A couple of weeks ago, at a dinner, I sat next to a very nice man. He told me about how he had been considering getting rid of the phone at his house — I know, I know. I’m supposed to call it a land line — and relying only on his cell. Why not? He rarely got calls at home, anyway.
But it was odd, he said, how reluctant he was to stop phone service to his home. So far, when it had come down to it, he just couldn’t.
I thought about our own land line, which is currently gathering dust, except for occasional calls from people I don’t want to talk to. Economically, it would make sense to get rid of it. Emotionally, I’m not sure I can. Jeez, who would have thought I’d ever get emotional about a phone?
Maybe this explains it. When my boyfriend (now husband) and I first lived together one summer, we shared an old house with several other people we went to college with. Hippies, kind of. There was one couple who had some kind of John and Yoko fixation and didn’t wear clothes inside the house. “It makes people so nervous to see us naked!” the woman trilled. “Isn’t that funny?”
One guy, from Southern Florida, once came into our bedroom tripping on LSD and brandishing a butcher knife.
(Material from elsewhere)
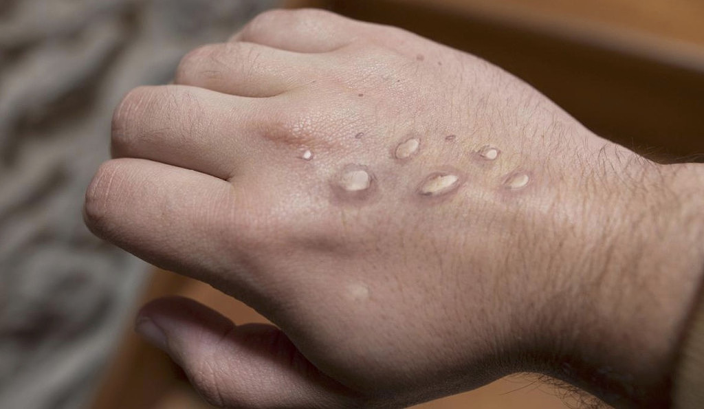它可以通过接触受感染者的体液、痂皮或水泡进行传播。

Another guy, named Randy, kept stealing my milk and writing me notes about how sorry he was. Nudity, drugs, weapons, irresponsibility — that just about summed up the sixties, as far as I was concerned. I never got into it. I wasn’t the commune type. I’m still waiting for Randy to pay me for my milk.
Since I was working as a temporary secretary, we needed a phone at the house. My boyfriend called the local phone company, a notoriously inept business of falling telephone wires, power outages, and bad or no service. He ordered a phone for the house. We waited. It didn’t come.
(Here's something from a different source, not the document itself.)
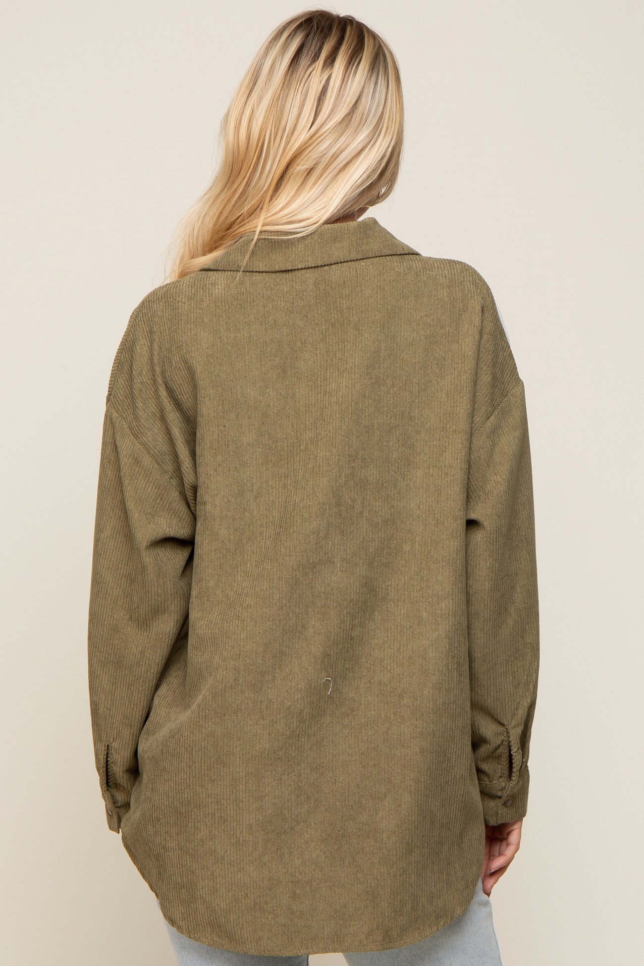 A color blocked corduroy button down top featuring a collared neckline, long sleeves and a rounded hi-low hem.

He called back. The woman at the other end of the line sighed when he told her we were waiting for a phone. “We can’t install the phone,” she explained, “because your address doesn’t exist.”
I was hanging around, close by the phone booth, picking up one side of the conversation that got progressively louder and more heated. I could hear: “What do you mean our address doesn’t exist?” and “No wonder you’re considered the worst phone company on the face of the earth” and “Send our deposit back!”
But where should she send the deposit? the woman asked.
“To our non-existent address!” my boyfriend screamed.
June passed. My boyfriend and I moved to a nearby city and rented an apartment from a couple who were leaving town. The next day we showed up, just as they were leaving. We looked around, dumbstruck. Where was all the furniture?
“Oh, I worried about that,” the man said. “I thought you might have thought the apartment was furnished.”
We nodded. And spent the rest of the summer sprawled on the green wall-to-wall carpeting. But hey, at least no strange people wandered around naked or threatened us with a knife or stole my milk. And, when we ordered a phone, it showed up.
Maybe that’s it. Maybe I don’t want to go back to the days we lived at a non-existent address. Maybe I need a land line for legitimacy. I don’t want to have to go through the sixties all over again.